Он морщится, словно я несу несусветную чушь.
- Это все?
- Я не могу сидеть здесь постоянно... - выпаливаю несдержанно.
- Нет.
- Почему?!
- Потому что я не доверяю твоему отцу, - говорит он невозмутимо, - ты исчезнешь, а твой ублюдочный папаша повесит твое исчезновение на меня. Я не могу так рисковать.
Быстро уложив смысл его слов в своей голове, я замолкаю и опускаю взгляд на свои колени. Он прав, чёрт возьми, но ведь отец велел мне сидеть и не высовываться, значит, у него нет таких планов.
- Ещё вопросы будут?
- У тебя ведь есть охрана, - проговариваю спустя небольшую паузу, - Пусть она меня сопровождает.
Усмехнувшись так, что его дыхание касается моего лица, Литовский вдруг кладет руки на мои колени и, грубо разведя в стороны, дергает их на себя. Мои ягодицы соскальзывают в кресла, а я, пытаясь не свалиться ему прямо под ноги, хватаюсь обеими руками за подлокотники.
Застыв в нелепой позе, смотрю на него снизу вверх.
- У тебя темные волосы, узкие бедра, плоская грудь и, главное, ты Турчатова, - говорит обыденным тоном, шокируя ещё больше, - Скажи, ради чего я должен напрягаться?
- Уб-бери... руки....
Однако, продолжая удерживать одно мое колено, вторую ладонь он кладет на внутреннюю поверхность моего бедра и медленно ведет ею под подол платья.

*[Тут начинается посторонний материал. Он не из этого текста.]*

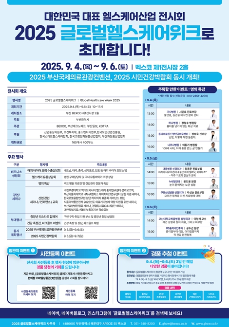 [뉴스다컴] 부산시는 오는 4일부터 6일까지 벡스코 제1전시장에서 ▲복지 재활 ▲항노화 ▲화장품 산업의 발전과 ▲해외 시장 개척을 위한 '2025 글로벌 헬스케어 위크'를 개최한다고 밝혔다.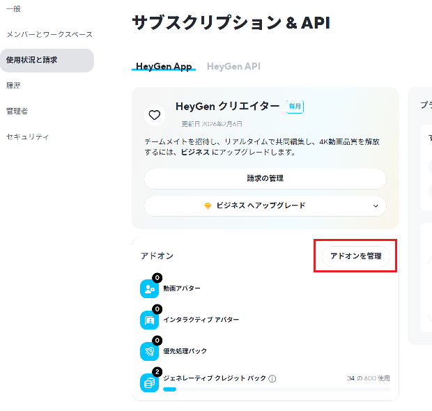 追加のGenerative Credits Packsを購入したらアドオン管理で設定変更が必須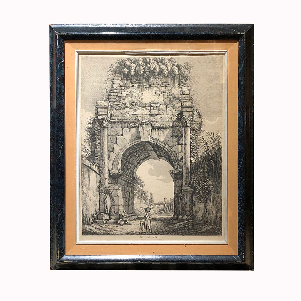 LUIGI ROSSINI ENGRAVING IN A BLUE FAUX MARBLE FRAME ARCO DI DRUSO 47 CM X 36 CM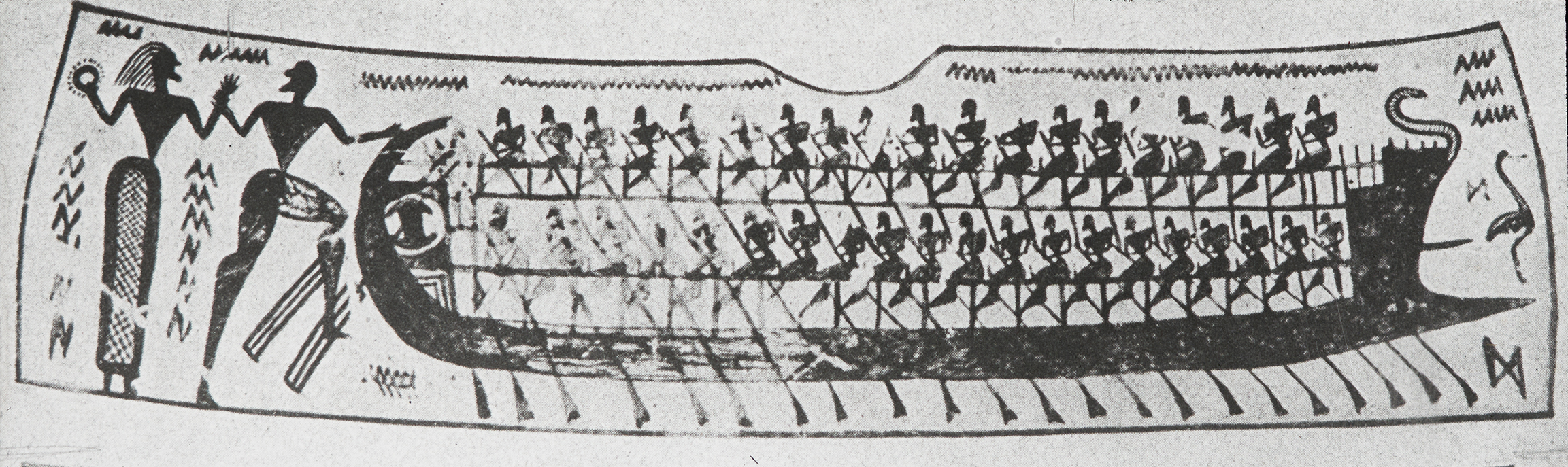 Dieser spätgeometrische Krater wurde in Theben gefunden. Er zeigt ein Schiff mit Menschen, die rudern.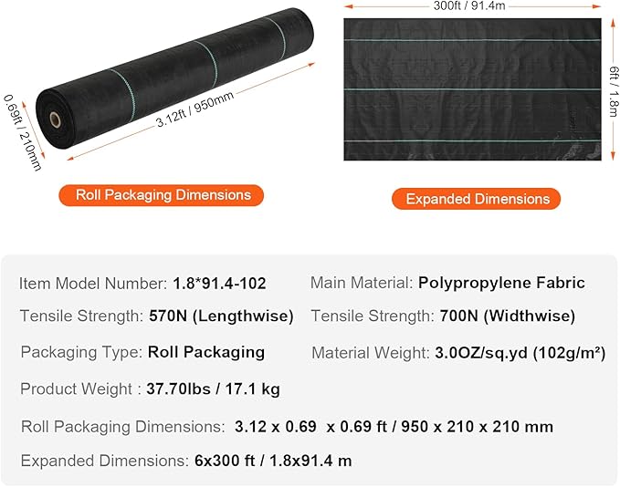 - Large Geotextile Fabric: The geotextile driveway fabric has 1800 Sq. Ft coverage area. Length: 300 ft/91.4 m. Width: 6 ft/1.8 m. According to your needs, it can be cut to function for driveway stabilization, gardening, agriculture, and drainage.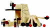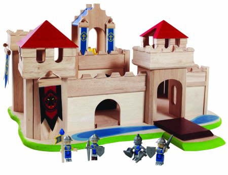 A fun filled wooden castle built on a firm wooden base. The castle is versatile and includes 2 play scenarios. Can be played with as a complete castle or the tower can be taken out to make 2 smaller castles. The double sided fabric banners and the tower roof can be turned over to change the castle’s identity. Features include trap door, collapsible wall and a throne that can be lowered for escape. Includes 4 armoured characters all ready for the action to begin.

Молния бьет в живот ниже пупка и сотрясает все тело.
- Хотя.... - тянет он, ощупывая мою плоть как кусок мяса, - можно попробовать...
- Убери руки! - прорезается мой голос, когда начинаю испытывать пугающие, отвратительные, не поддающиеся логике и контролю, ощущения, - Не смей трогать меня!
Упираюсь свободной ногой в край кровати и начинаю лупить по его волосатым ручищам. Литовский ржет и, когда я соскакиваю с кресла, успевает шлепнуть по ягодице, а я успеваю заметить его... эрекцию!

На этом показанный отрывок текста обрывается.